Libertarian thinking about everything. --Ere he shall lose an eye for such a trifle... For doing deeds of nature! I'm ashamed. The law is such an ass. -- G. Chapman, 1654.
Dec 4, 2010
Dec 3, 2010
Dec 2, 2010
...so I kicked sand is his face back
Washington is beyond any hope of parody. The President and Mrs. Obama today wet kissed Congress for turning the nation's school children into legions of Arnie Schwarzeneggers and Twiggies. Fortunately, it's going to cost only $4.5 billion (B), plus overruns. For a time we were frightened that it would be expensive, but it's only a little more than half of the new money the Fed printed today.*
The new nutrition standards would be written by the Agriculture Department, which would decide which kinds of foods may be sold and what ingredients can be used on school lunch lines and in vending machines.

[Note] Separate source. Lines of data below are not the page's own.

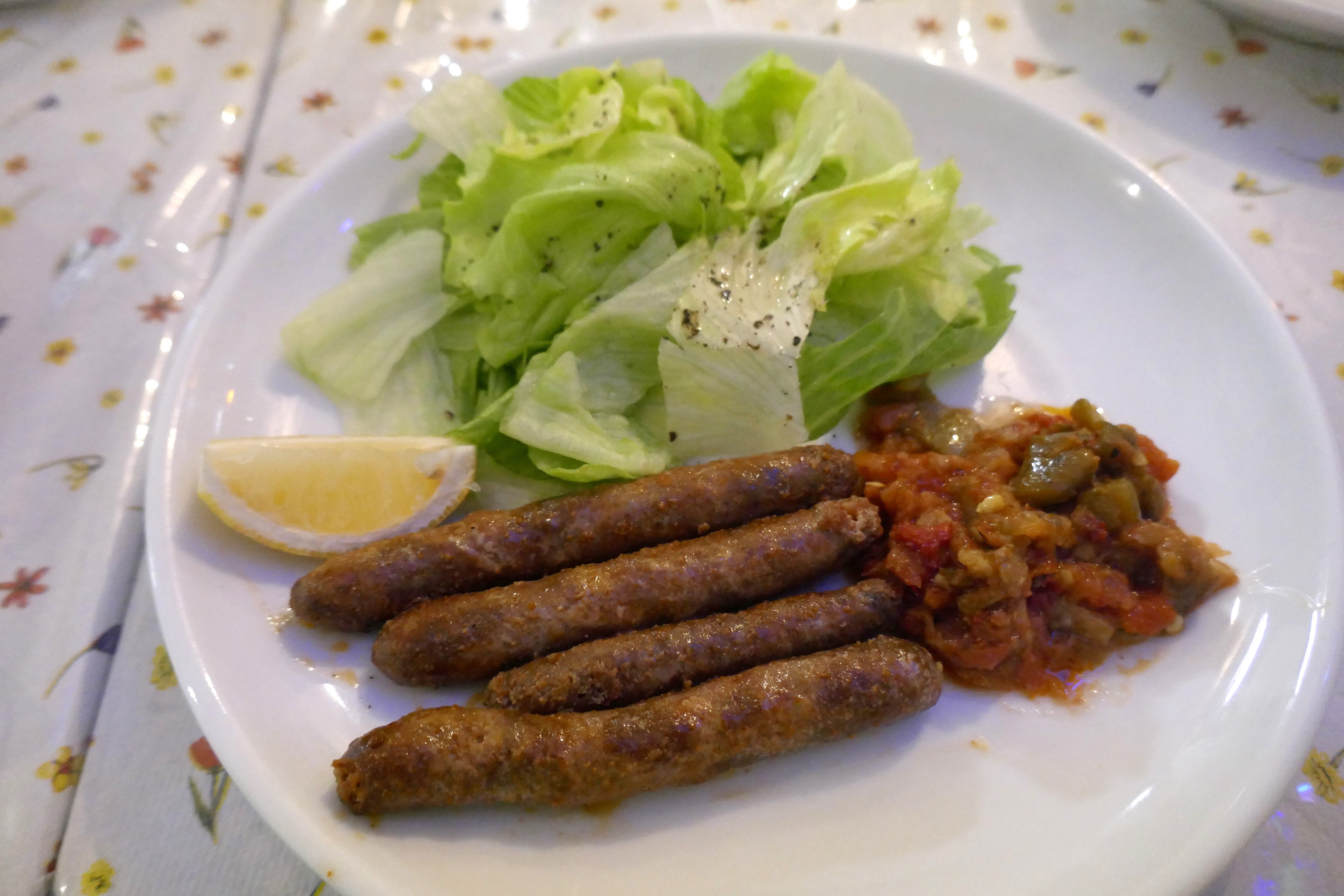 「メルゲース」1150円は、羊肉を使ったソーセージのような肉料理で
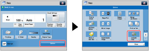 The Cascade Copy mode can be used among the machines of the same model (imageRUNNER ADVANCE 6275/6265/6255). You cannot use this mode with a different series machine.
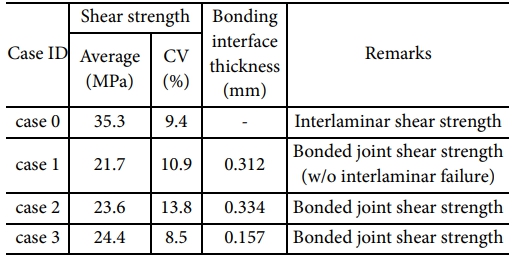 각 case들의 강도 결과와 접합면 두께를 정리하여 Table 4에 나타내었다. case 1의 경우는 노치의 위치에 따라 층간전단 파손 양상을 보인 시편들을 제외한 결과로 나타내었다. 이 중 접합부의 강도를 보여주는 case 1~3 중에서는 case 3의 결과가 가장 전단강도가 높고 편차도 낮음을 알 수 있다. 이는 앞서 파단부 분석에서 본 것과 같이 case 3의 접합면의 두께가 얇고 균일하기 때문이다. 특히 접합면이 얇을수록 파손이 이른 시점에 복합재 층으로 전파되는 양상을 보이고, 이러한 경우에 접합부의 전단강도가 높게 평가되는 결과를 확인할 수 있다.
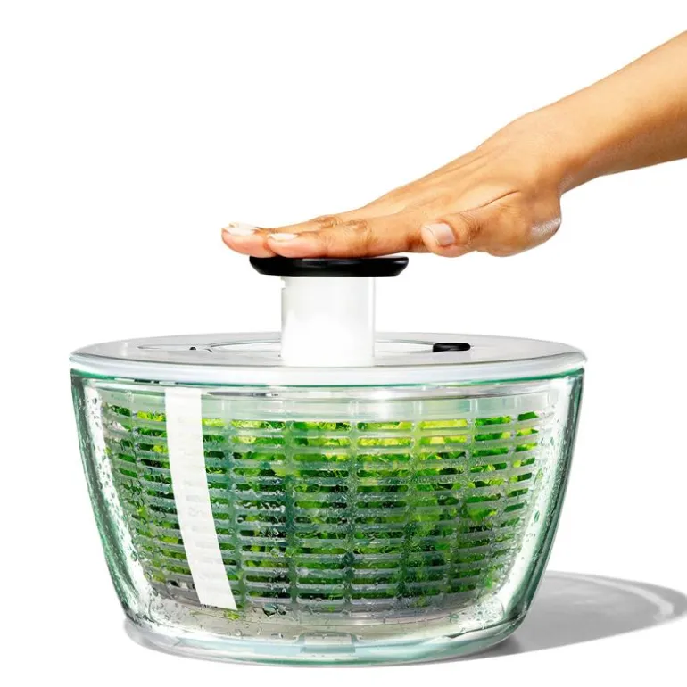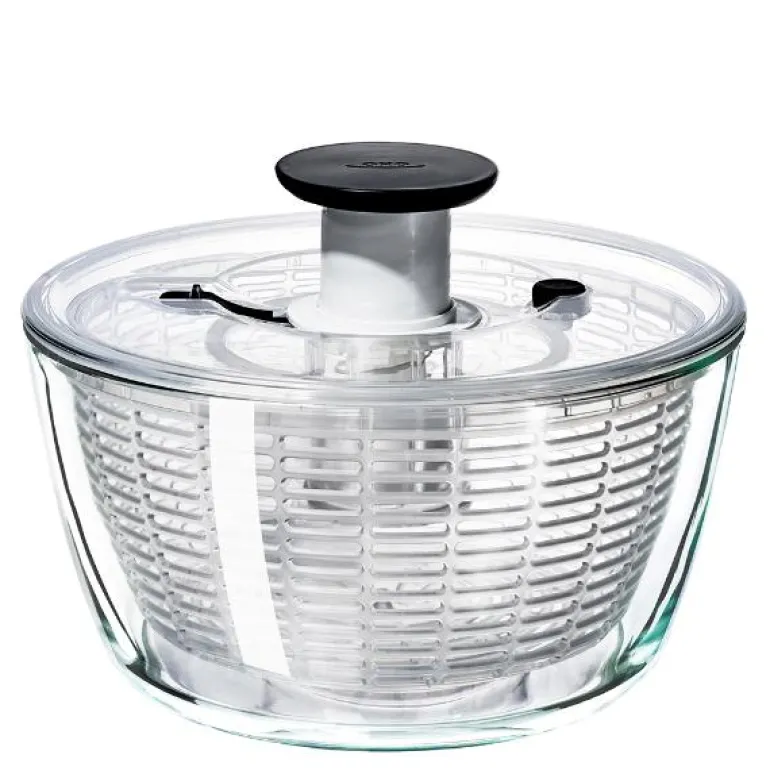 Stor salatslynge i moderne design, med skål i slitesterkt borosilikatglass. Utformingen i glass gjør denne salatslyngen til et eksklusivt og bæredyktig valg. Slyngen settes i gang med et lett trykk på pumpeknappen på toppen og stoppes ved å trykke på bremseknappen ved siden av. Spinnekurven fungerer som et dørslag, så du enkelt kan skylle salaten før du slynger den. Salatslyngen er også velegnet til å oppbevare salat i kjøleskapet og skålen er samtidig en elegant serveringsskål.

"The $4.5 billion bill approved by the House 264-157 would also try to cut down on greasy foods and extra calories by giving the government power to decide what kinds of foods may be sold in vending machines and lunch lines. The bill could even limit frequent school bake sales and fundraisers that give kids extra chances to eat brownies and pizza."
Since the Ag Department boss is our old buddy Tom Vilsack, former weekend gardener and mayor of Mount Pleasant, I thought I would reintroduce you to the man now in charge of your kids' school food.
Tom is the one on the right, a lithe example of American manhood, or, as we used to call him when he was our governor, Ol' Brownie Bake Sale.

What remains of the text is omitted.